Initialize the calculator.

Parameters:

Name	Type	Description	Default
config	EstimationConfig | None	Configuration to use. Defaults to DEFAULT_CONFIG.	None

Source code in snakesee/variance.py

def __init__(self, config: EstimationConfig | None = None) -> None:
    """Initialize the calculator.

    Args:
        config: Configuration to use. Defaults to DEFAULT_CONFIG.
    """
    from snakesee.state.config import DEFAULT_CONFIG

    self.config = config or DEFAULT_CONFIG

adjust_variance_for_size_scaling

adjust_variance_for_size_scaling(base_variance: float, size_confidence: float) -> float

Adjust variance when using size-scaled estimates.

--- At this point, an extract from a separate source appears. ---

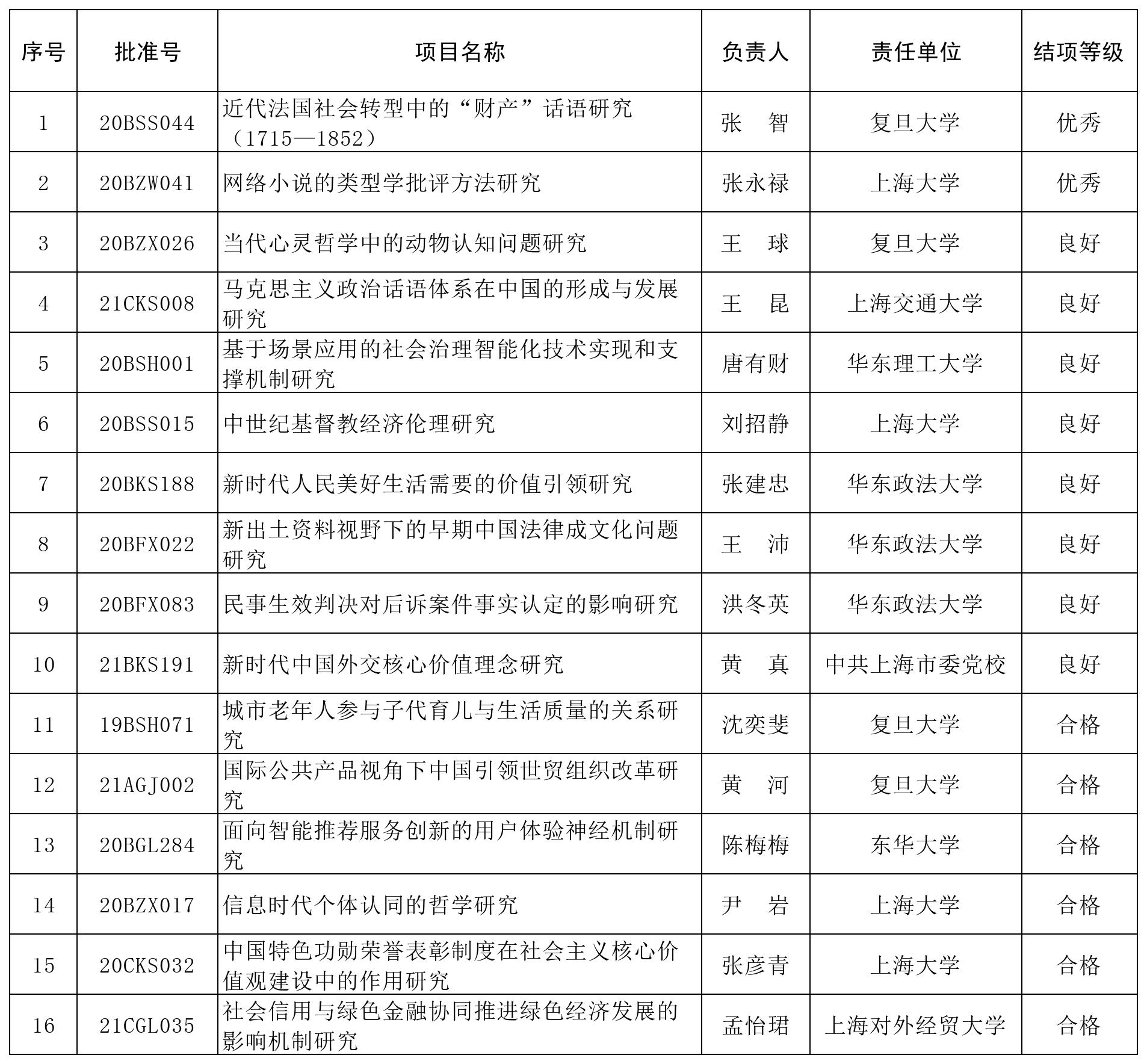 2026年1月,全国社科工作办验收610个年度项目结项申请。经专家鉴定,我市16个项目通过结项。现将结项情况公布如下:

Higher size-scaling confidence reduces variance.

Parameters:

Name	Type	Description	Default
base_variance	float	The base variance from stats.	required
size_confidence	float	Confidence in the size scaling (0.0 to 1.0).	required

Returns:

Type	Description
float	Adjusted variance.

Source code in snakesee/variance.py

def adjust_variance_for_size_scaling(
    self,
    base_variance: float,
    size_confidence: float,
) -> float:
    """Adjust variance when using size-scaled estimates.

    Higher size-scaling confidence reduces variance.

    Args:
        base_variance: The base variance from stats.
        size_confidence: Confidence in the size scaling (0.0 to 1.0).

    Returns:
        Adjusted variance.
    """
    # Reduce variance based on size-scaling confidence
    # Formula: variance * (1 - confidence * 0.5)
    adjustment = 1.0 - (size_confidence * 0.5)
    return base_variance * adjustment

aggregate_variances

aggregate_variances(variances: list[float], counts: list[int] | None = None) -> float

Aggregate multiple variances (e.g., across pending jobs).

For independent jobs, variances add linearly. If counts are provided, each variance is multiplied by its count.

Parameters:

Name	Type	Description	Default
variances	list[float]	List of variance values.	required
counts	list[int] | None	Optional counts for each variance (default: 1 each).	None

Returns:

Type	Description
float	Aggregated variance.

Source code in snakesee/variance.py

def aggregate_variances(
    self,
    variances: list[float],
    counts: list[int] | None = None,
) -> float:
    """Aggregate multiple variances (e.g., across pending jobs).

    For independent jobs, variances add linearly.
    If counts are provided, each variance is multiplied by its count.

    Args:
        variances: List of variance values.
        counts: Optional counts for each variance (default: 1 each).

    Returns:
        Aggregated variance.
    """
    if counts is None:
        counts = [1] * len(variances)

    return sum(v * c for v, c in zip(variances, counts, strict=True))

calculate_bootstrap_bounds

calculate_bootstrap_bounds(estimate: float) -> tuple[float, float]

Calculate wide bounds for bootstrap estimation (no progress yet).

Parameters:

Name	Type	Description	Default
estimate	float	The central estimate.	required

Returns:

Type	Description
tuple[float, float]	Tuple of (lower_bound, upper_bound).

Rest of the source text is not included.